В зоопарке, как и на природе, лучше всего бывать на восходе или на закате. В это время большинство животных бодрствуют. Пробудившись, они выбираются из укрытий и бредут на водопой. Щеголяют своими нарядами. Поют песни. Переглядываются и совершают разные ритуалы. Вот она — награда пытливому наблюдателю. Лично я бог знает сколько времени отдал неспешным наблюдениям за сложнейшими, многообразнейшими проявлениями жизненных форм, облагораживающих нашу планету. Формы эти до того красочны, громкозвучны, причудливы и изысканны, что просто диву даешься.

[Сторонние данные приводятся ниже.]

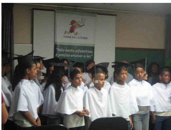
Foto: Formatura do Hora da Leitura de alunos do CIEP 200, em São João de Meriti, 15 Dezembro 09.
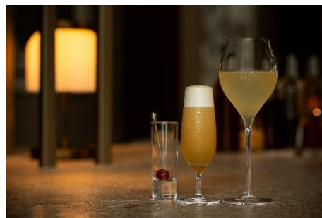
コラボレーションカクテル (右) White Elixir (左) Almond Eyes

晩年は大量の飲酒により退廃的な生活を送ったと伝えられるモディリアーニ。それは長年患っていた肺結核による咳を抑えるためであったともいわれます。その彼が愛したお酒の一つアブサンを使った、「死者を蘇らせるもの」「命果ててもなお愛し続ける」という意味も持つクラシックカクテル「Corpse Reviver」をロングスタイルにツイスト。大阪・中之島に蘇るモディリアーニ、そして彼を愛し続けた恋人ジャンヌに想いを馳せながら楽しまれては。
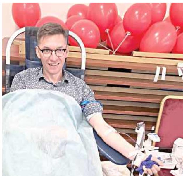
To był dzień, który na długo pozostanie w pamięci drухów z OSP Korytnica. W poniedziałek, 1 czerwca, remiza stała się miejscem wyjątkowej akcji pomocy
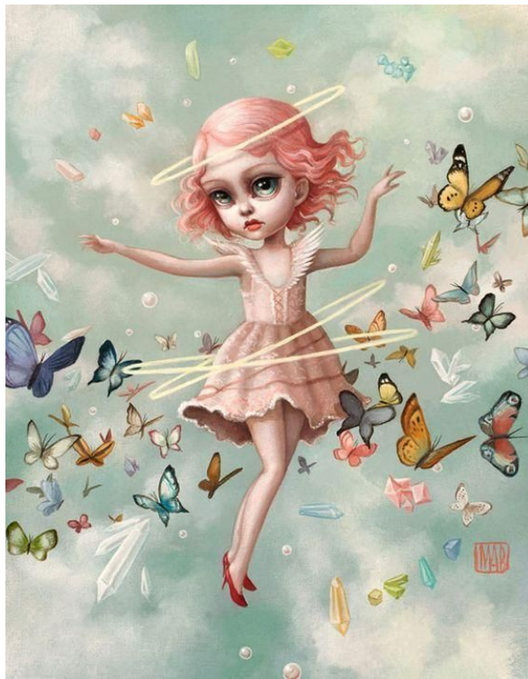
'The Dream', ilustración de Mab Graves

Valeria era una niña como otra cualquiera pero con una imaginación desbordante. Una vez dejó uno de sus dientes de leche debajo de la almohada, como había hecho en otras ocasiones, para que el ratoncito le trajera un regalo a cambio del diente, pero algo sucedió que el ratón no llegó y el diente ahí quedó. Sin embargo, tuvo un extrañísimo sueño.
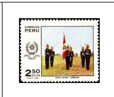
Ecole de l'armée de Terre

Про зоопарки я понаслушался почти столько же небылиц, сколько и про веру в Бога. Некоторые несведущие благожелатели полагают, будто на воле животные «счастливы», потому что «свободны». Такие люди обычно представляют себе большого, статного хищника — льва или гепарда (образ гну или трубкозуба как-то не приходит в голову). Они представляют себе, как дикий красавец зверь рыщет по саванне в поисках, чем бы поживиться… а после чинно переваривает добычу, безропотно принявшую свою участь, или трусит себе помаленьку, чтобы сохранить стать после роскошного пиршества. Они представляют себе, как зверь гордым и нежным взглядом обводит свое потомство, как все его семейство, разлегшись на ветвях деревьев и довольно урча, любуется заходом солнца. Жизнь дикого зверя, думают они, проста, замечательна и содержательна. Потом его отлавливают злодеи — и сажают в тесную клетку. Прощай, вольное «счастье». Отныне зверь помышляет только о «свободе» — и изо всех сил стремится вырваться на волю. Лишенный «свободы», притом надолго, зверь превращается в тень самого себя: дух его сломлен. Вот что думают некоторые благожелатели.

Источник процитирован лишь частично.